# Drawing snakes



## Amanda Wight (Jun 11, 2009)

Well i was really into my art in high school and actually wanted to be an art teacher for ages, till i remember i hate kids, but i haven't really drawn since then, well i got a new set of art materials and thought i would draw one of my snakes.

So here it is, this is a pic of my 08 male royal - Griffin (remember i haven't drawn in ages)


----------



## Colosseum (Aug 8, 2008)

Nice work :2thumb:


----------



## Freakinfreak (May 13, 2009)

Ooooh i really like it! 
I envy people that can draw still life and realism... all i can draw is stuff from my head lol.

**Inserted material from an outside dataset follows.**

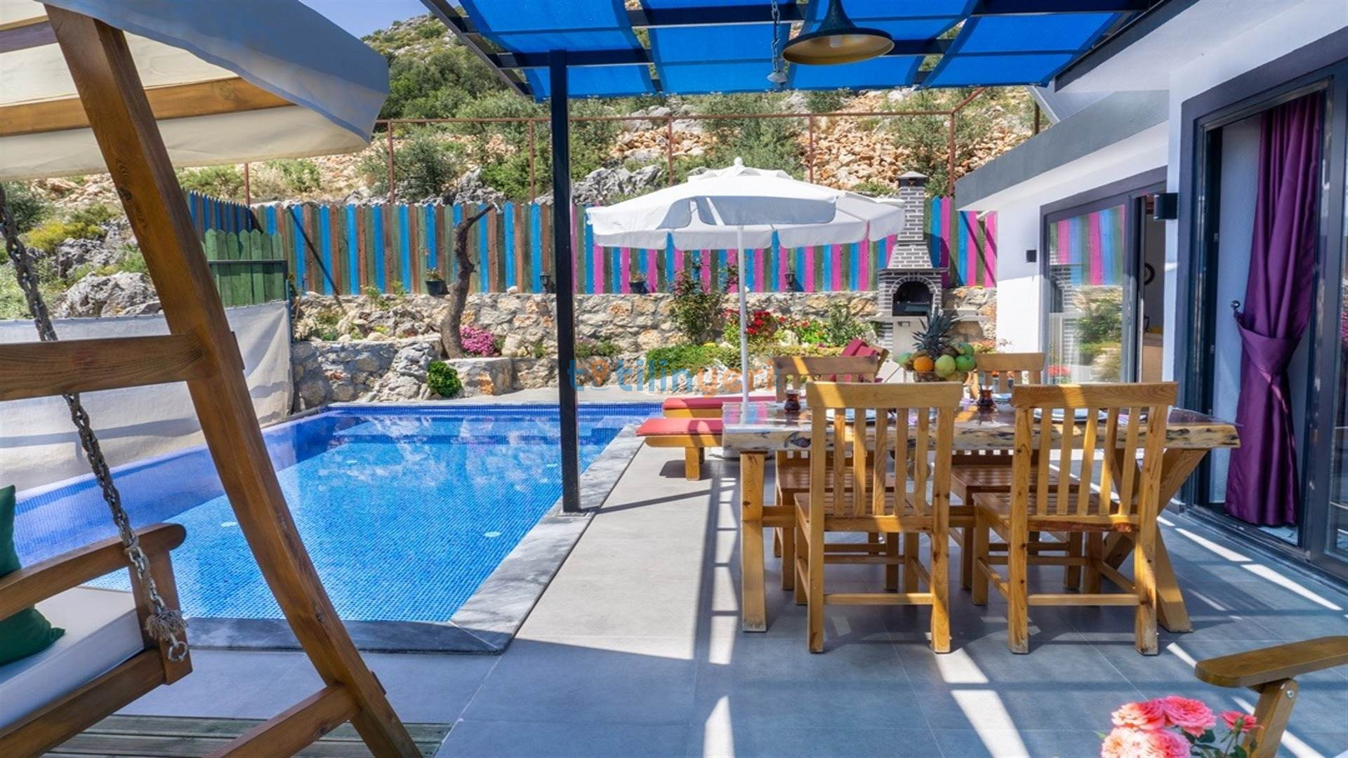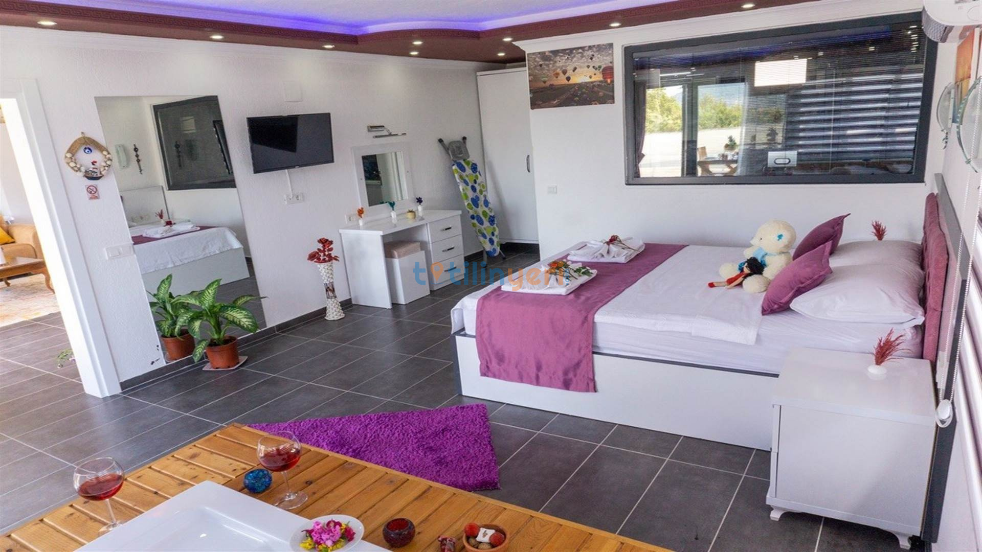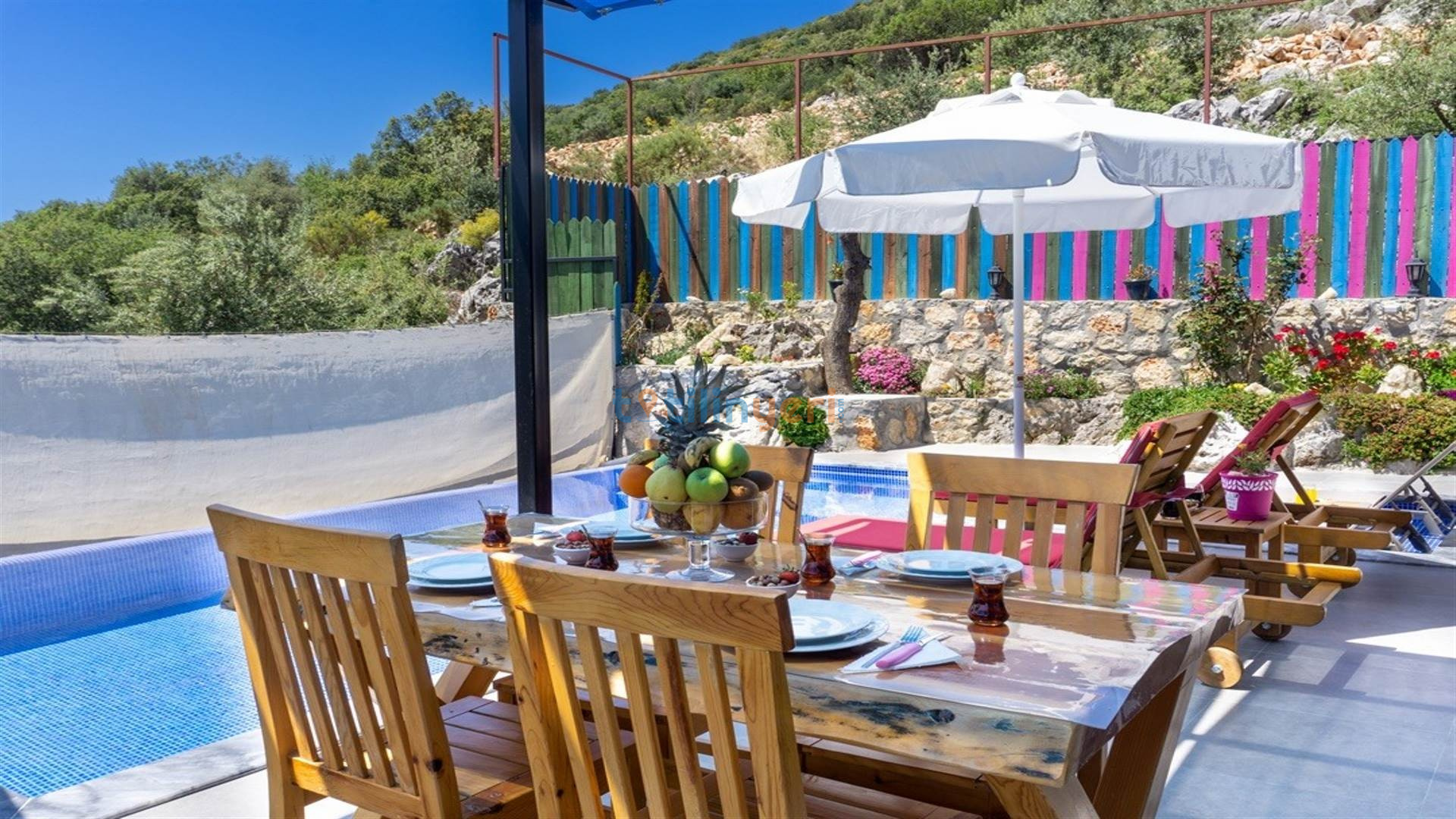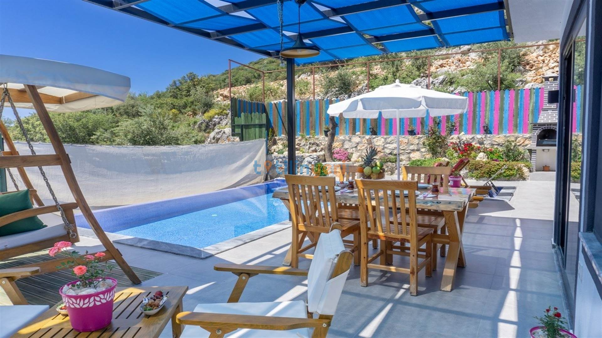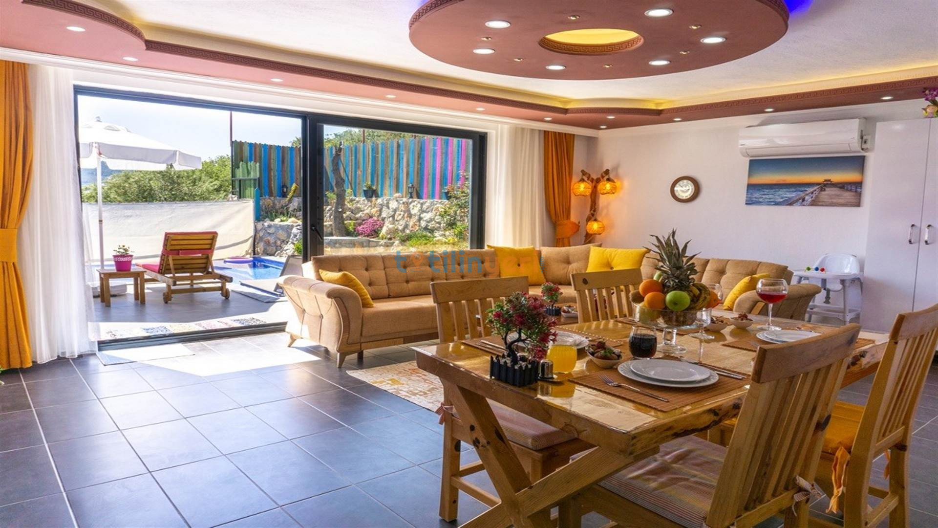 Özel havuzlu ve havuz alanı korunaklı villamız oldukça şirin bir dekorasyona sahiptir.Villamız özellikle balayı çiftlerine hitap etmekte ve villa içinde çiift kişilik jakuzi de yer almaktadır.

Keep up the good work! :flrt:


----------



## Amanda Wight (Jun 11, 2009)

See im the opposite, i have to have something in front of me to be able to draw it, i would love to be able to pick up a pencil and just draw whatever i wanted and not need something to reference it to.

Thanks guys for the nice comments 



Freakinfreak said:


> Ooooh i really like it!
> I envy people that can draw still life and realism... all i can draw is stuff from my head lol.
> 
> Keep up the good work! :flrt:


----------



## Crab Man (Oct 3, 2009)

Coooooool :2thumb:

My high school would have all 6th year students do an art project in spring. I did 4 pencil drawings of snakes. One was a diamondback rattler, and to get it to really look the part I more or less had to draw the scales individually. Took absolute ages, but I was well chuffed with the result.
That was back in '97 and that OP has just made me want to go and get the pencils out again


----------



## Dunnyc23 (Jan 12, 2010)

*drawings*

wow, pretty gd.. i do some drawing myself but i find snakes so difficult 2 capture, they always endup comin out misshapen.. :/ ne tips?


----------



## Amanda Wight (Jun 11, 2009)

Start with the eyes, then work from that, when you draw the body it will look out of shape till you put in the pattern and shading then it comes together, something i had to realise was i couldnt get a lot of the highlights because i was drawing the scales individually but im pretty happy with the effect 

Good luck :2thumb:



Dunnyc23 said:


> wow, pretty gd.. i do some drawing myself but i find snakes so difficult 2 capture, they always endup comin out misshapen.. :/ ne tips?


----------



## hedgehog738 (Oct 6, 2009)

i find snakes hard to draw, i enjoy drawring my fish and i used to do manga


----------



## xvickyx (Jul 21, 2009)

Thats a fab drawing, well done, not an easy subject to draw!  Look forward to seeing more.


----------